Мои размышления прерывает звонкий собачий лай. Вокруг горки на детской площадке три девочки лет десяти играют с маленьким пёсиком: тот заливисто лает, гоняясь за красным мячом, а они бегают следом, и их смех эхом звенит во дворе. Я смотрю на них и улыбаюсь. Собаки и дети – лучшее, что есть в этом мире. Вы замечали, что в наших воспоминаниях детства всегда светит солнце? Там настоящие снежные зимы, пушистые новогодние елки, теплые дожди жарким летом, но самое главное – солнце. Я готов спорить, что когда эти девочки будут вспоминать, как в детстве бегали и играли с веселым псом на площадке, то там тоже будет светить солнце, и не будет унылого серого неба и туч, грозящих дождем.
Красный мячик подпрыгивает, катится и останавливается у моего ботинка. Девочки подбегают и замирают в растерянности в нескольких шагах от меня. Все правильно, думаю я, вас верно воспитали родители. Не нужно близко подходить к чужакам, особенно к мужчинам. Да и к женщинам тоже не следует. Даже маленький пес не бежит за игрушкой, а сидит рядом с ними, часто дыша и высунув розовый мокрый язык.
Не разговаривай с незнакомцами – все маленькие девочки в большом городе твердо знают это правило. А вот взрослые девочки его забывают.
Я нагибаюсь, беру обмусоленный мяч, размахиваюсь и бросаю его на площадку. Пес мчится за ним с веселым лаем. Девочки смеются, кричат: «Чапик! Чапик!» и уносятся следом. Я вздыхаю и поднимаюсь со скамейки. У меня сегодня есть еще дело.
В ответ на нажатые кнопки из домофона доносится слабый женский голос: «Кто там?» Я уже его слышал сегодня, когда звонил с еще одного подержанного телефона с сим-картой на фальшивое имя.
– Я от Оксаны, – говорю я в динамик. – Мы разговаривали с Вами сегодня.
Щелкает замок, и я вхожу.
В подъезде я натягиваю перчатки, надвигаю пониже шляпу и поправляю очки: контактные линзы я снял, когда приехал домой. Потом достаю из кармана красный шарф и наматываю поверх воротника пальто – маскировка простая, но неизменно эффективная. На десятый этаж я поднимаюсь на лифте. Дом новый, а лифт уже будто пережил апокалипсис. Он скрипит, скрежещет, и вздрагивает так, что воображение рисует изможденных, покрытых потом невольников на крыше кабины, с натугой проворачивающих лебедку с заржавленной цепью и понуждаемых к действию ударами гальванического тока при нажатии кнопки нужного этажа. Наконец лифт вздрагивает последний раз, останавливается, двери расползаются в стороны, и я поспешно выхожу, чувствуя себя так, словно избежал верной гибели.

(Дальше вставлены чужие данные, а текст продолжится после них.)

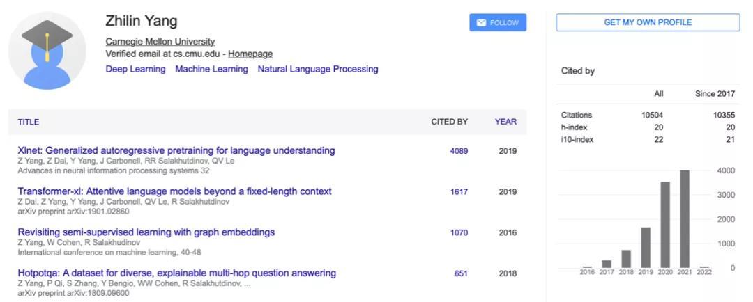 图注:杨植麟的谷歌学术论文被引主页

Двери квартир выходят в общий коридор, отделенный от лифта и лестницы. На звонок мне открывает пожилая полная женщина в домашнем платье в мелкий цветочек. Она кивает и неуверенно смотрит тревожным и почему-то испуганным взглядом.
– Добрый день, – говорю я.
– Здравствуйте, – отвечает она, секунду-другую думает, а потом отступает на шаг. – Проходите.
Я вижу короткую прихожую с линолеумом под древесину, блеклыми дешевыми обоями, доставшимися от застройщика, и вешалкой, явно переехавшей сюда из старой квартиры.
– Нет, спасибо, я минутку, – отказываюсь я, и тут из комнаты в коридор выбегает девочка лет шести с игрушечным розовым зайцем в руках. У нее светлые волосы и большие голубые глаза. На мгновение я встречаюсь с ней взглядом.
– Наташенька, поздоровайся с дядей, – говорит женщина.
– Здрасти, – шепелявит Наташа, улыбается беззубым ртом и убегает обратно в комнату. Женщина провожает ее глазами, а я быстро опускаю руку в карман.
Когда она оборачивается, я протягиваю ей конверт.
– Вот, хотел передать. Это деньги за заказ, мы должны были встретиться сегодня с Оксаной, но у нее почему-то телефон не отвечает. Мне нужно уехать из города, так что решил отдать деньги Вам. Чтобы не откладывать.
Она берет конверт, держит его, словно взвешивая в руке, а потом смотрит мне прямо в лицо. Становится не по себе.
– Что ж, пойду, всего доброго, – поспешно бормочу я, пятясь назад, а потом иду к лифту, стараясь не оборачиваться.
– А Вы не знаете, что с Оксаной?
Обернуться все же приходится. Женщина так и стоит в дверях с конвертом в руке.
– Я очень переживаю, – говорит она. – Оксана звонила с вокзала в Москве, говорила, что ночью приедет, а все нет… И телефон у нее выключен. Вы не знаете?..
– Уверен, что с ней все в порядке, – выдавливаю я и почти выскакиваю в двери, ведущие к лестнице.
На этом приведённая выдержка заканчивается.